The fix was to downgrade from kernel 4.15.0-34-generic to 4.2.0-34-generic.
Although the fix was not perfect, since that fix it happened again once. (but once in 130 days is not as bad)

Attached logs: kernel.log with some stracktrace, but they are more or less the same as previously posted.. (the logs were OCR'ed from some screenshots. so beware of some characters. like the 0 which sometimes turns into a 6)

Damir Chanyshev (trinar) on 2019-06-25
affects: ubuntu → linux (Ubuntu)
Connor Kuehl (connork) on 2019-07-10
Changed in linux (Ubuntu Bionic):
status: New → In Progress
importance: Undecided → Medium
assignee: nobody → Connor Kuehl (connork)
Connor Kuehl (connork) wrote :

Hi everyone,

I was just curious if anyone's had a chance to test out Kai-Heng's test kernel from comment #8?

Damir Chanyshev (trinar) wrote :

Kernel from https://bugs.launchpad.net/ubuntu/+source/linux/+bug/1767992/comments/8 solved my issues.

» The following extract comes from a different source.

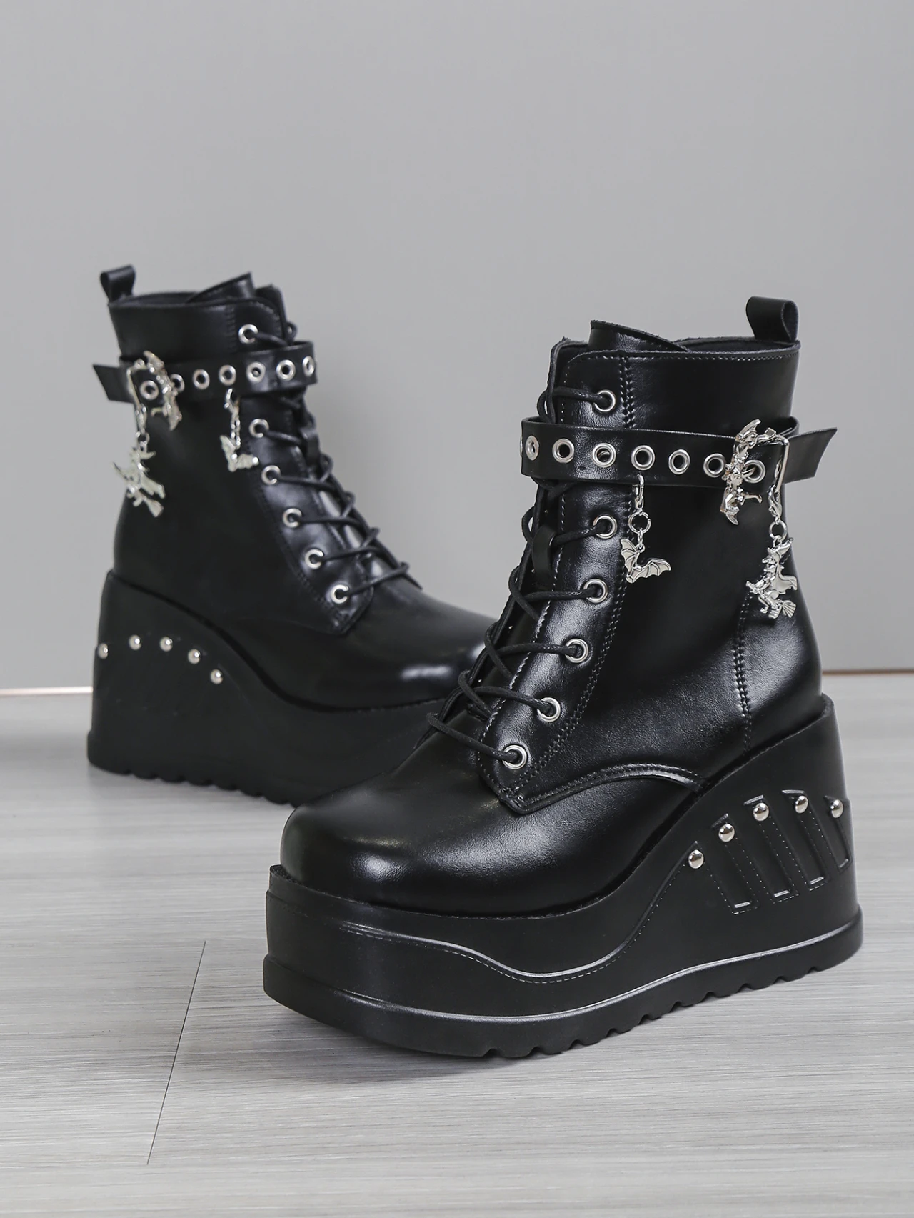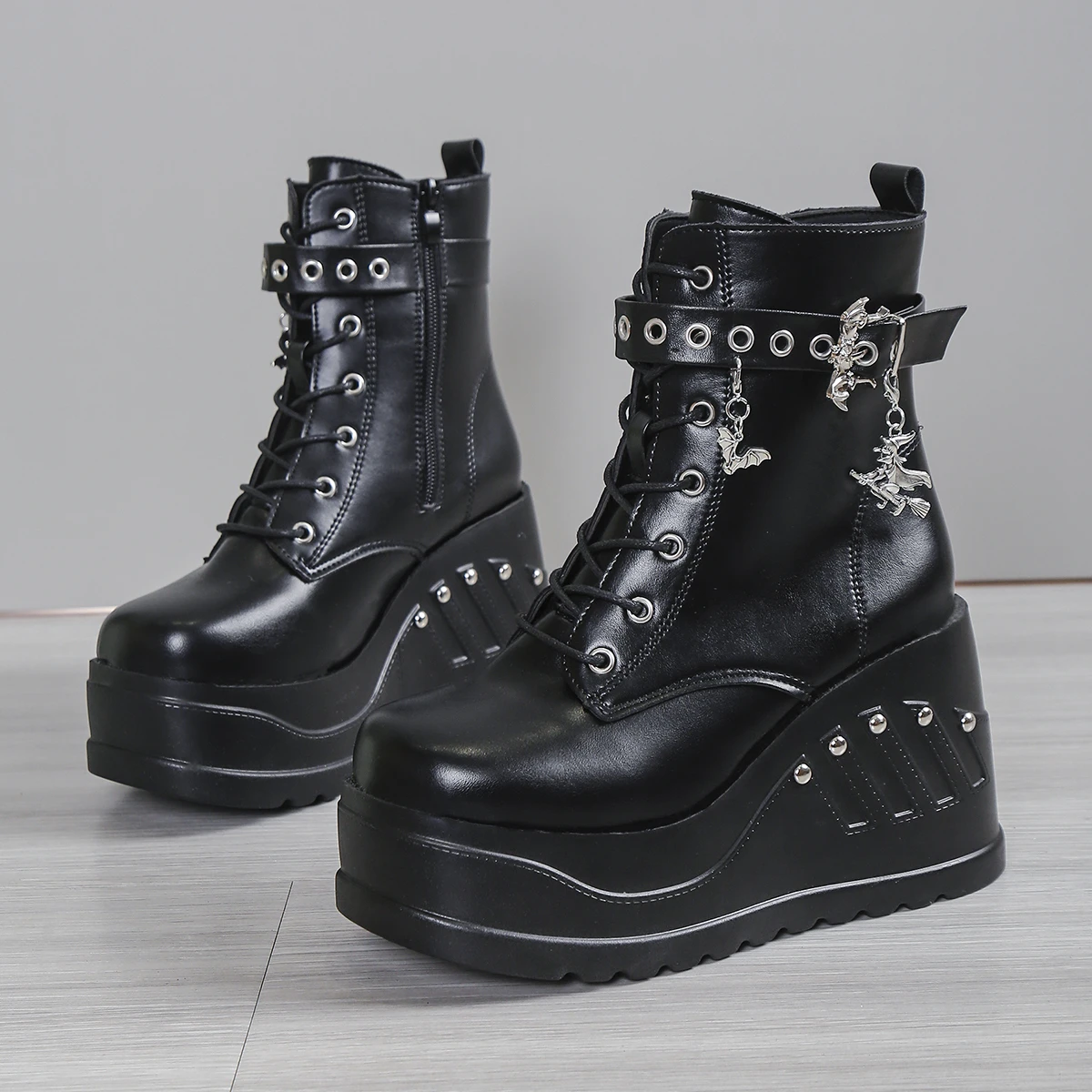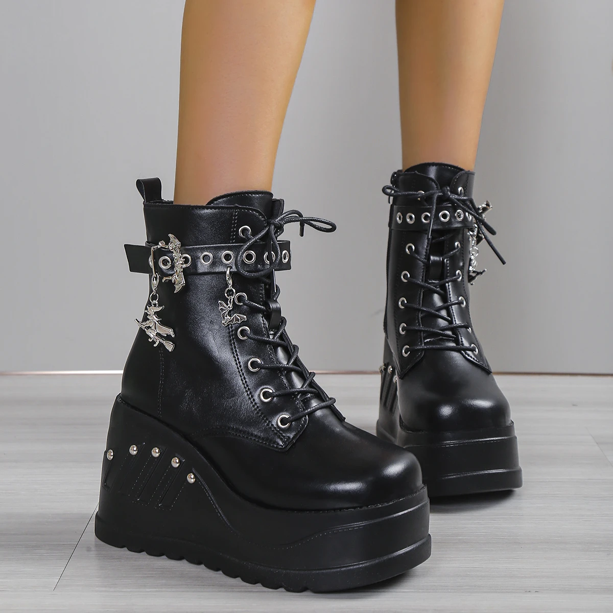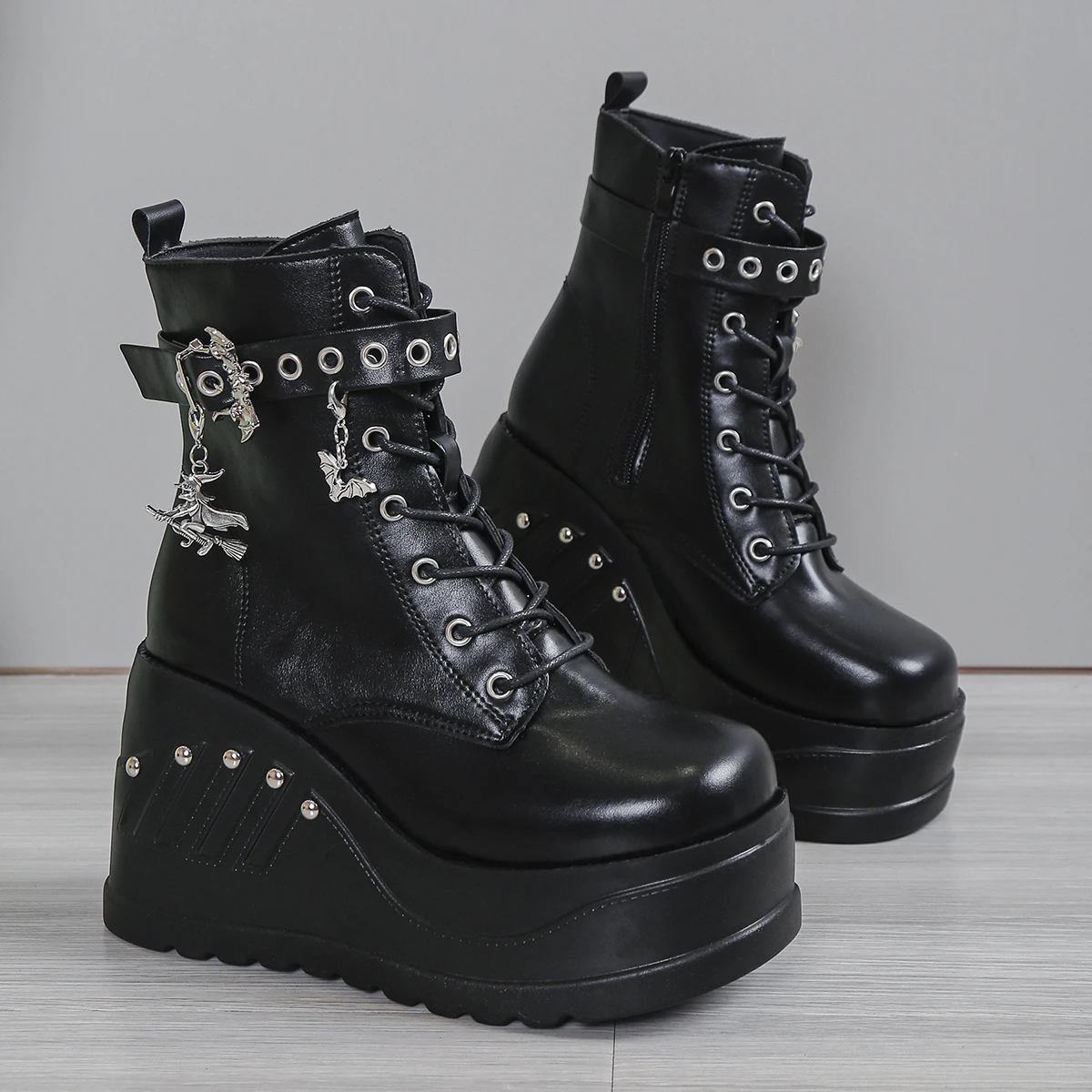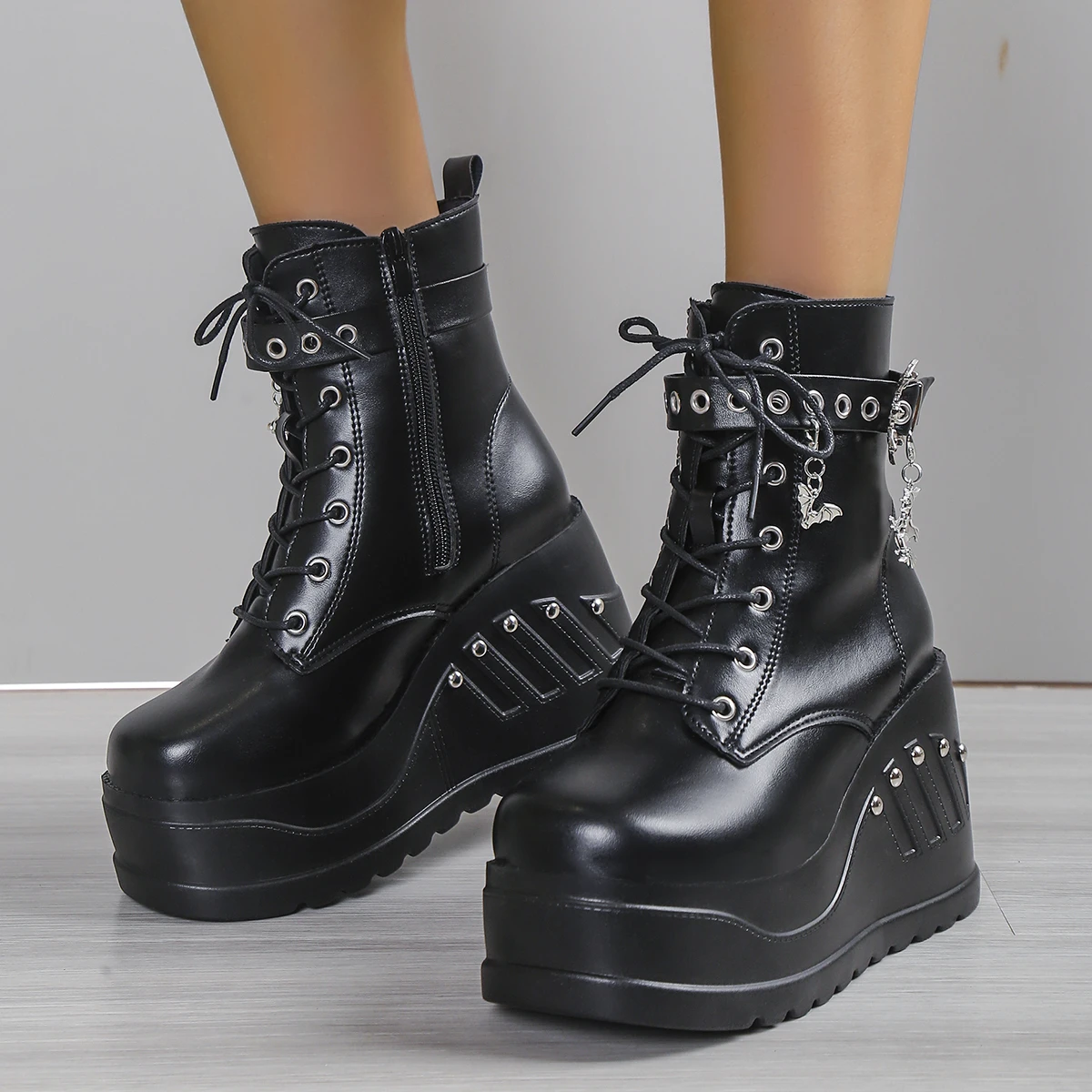 2024 New Boots for Women Fashion Hot Sale Punk Goth Platform Heels Wedge Women’s Boots Casual Goth Punk Size 43 Women’s Shoes

For reproduce on 4.15.0-50-generic
Make new raid-10, add some io fio/dd, unpack anaconda archives(lol), after minute or two deadlocked

[Mon Jul 15 19:31:11 2019] Workqueue: md md_submit_flush_data
[Mon Jul 15 19:31:11 2019] Call Trace:
[Mon Jul 15 19:31:11 2019] __schedule+0x291/0x8a0
[Mon Jul 15 19:31:11 2019] ? __switch_to_asm+0x34/0x70
[Mon Jul 15 19:31:11 2019] ? __switch_to_asm+0x40/0x70
[Mon Jul 15 19:31:11 2019] schedule+0x2c/0x80
[Mon Jul 15 19:31:11 2019] wait_barrier+0x146/0x1a0 [raid10]
[Mon Jul 15 19:31:11 2019] ? wait_woken+0x80/0x80
[Mon Jul 15 19:31:11 2019] raid10_write_request+0x77/0x950 [raid10]
[Mon Jul 15 19:31:11 2019] ? r10bio_pool_alloc+0x24/0x30 [raid10]
[Mon Jul 15 19:31:11 2019] ? mempool_alloc+0x71/0x190
[Mon Jul 15 19:31:11 2019] ? md_write_start+0xf4/0x210
[Mon Jul 15 19:31:11 2019] ? default_wake_function+0x12/0x20
[Mon Jul 15 19:31:11 2019] ? autoremove_wake_function+0x12/0x40
[Mon Jul 15 19:31:11 2019] raid10_make_request+0xcc/0x140 [raid10]
[Mon Jul 15 19:31:11 2019] md_handle_request+0x126/0x1a0
[Mon Jul 15 19:31:11 2019] md_submit_flush_data+0x54/0x70
[Mon Jul 15 19:31:11 2019] process_one_work+0x1de/0x410
[Mon Jul 15 19:31:11 2019] worker_thread+0x32/0x410
[Mon Jul 15 19:31:11 2019] kthread+0x121/0x140
[Mon Jul 15 19:31:11 2019] ? process_one_work+0x410/0x410
[Mon Jul 15 19:31:11 2019] ? kthread_create_worker_on_cpu+0x70/0x70
[Mon Jul 15 19:31:11 2019] ret_from_fork+0x35/0x40

Connor Kuehl (connork) wrote :

Thank you for testing that and providing a test case, Damir!

I've gone ahead and submitted that patch to the mailing list: https://lists.ubuntu.com/archives/kernel-team/2019-July/102199.html

description: updated
Changed in linux (Ubuntu Bionic):
status: In Progress → Fix Committed
Brad Figg (brad-figg) on 2019-07-24
tags: added: cscc

This bug is awaiting verification that the kernel in -proposed solves the problem. Please test the kernel and update this bug with the results. If the problem is solved, change the tag 'verification-needed-bionic' to 'verification-done-bionic'. If the problem still exists, change the tag 'verification-needed-bionic' to 'verification-failed-bionic'.

If verification is not done by 5 working days from today, this fix will be dropped from the source code, and this bug will be closed.

See https://wiki.ubuntu.com/Testing/EnableProposed for documentation how to enable and use -proposed. Thank you!

tags: added: verification-needed-bionic

This bug is awaiting verification that the kernel in -proposed solves the problem. Please test the kernel and update this bug with the results. If the problem is solved, change the tag 'verification-needed-xenial' to 'verification-done-xenial'. If the problem still exists, change the tag 'verification-needed-xenial' to 'verification-failed-xenial'.

If verification is not done by 5 working days from today, this fix will be dropped from the source code, and this bug will be closed.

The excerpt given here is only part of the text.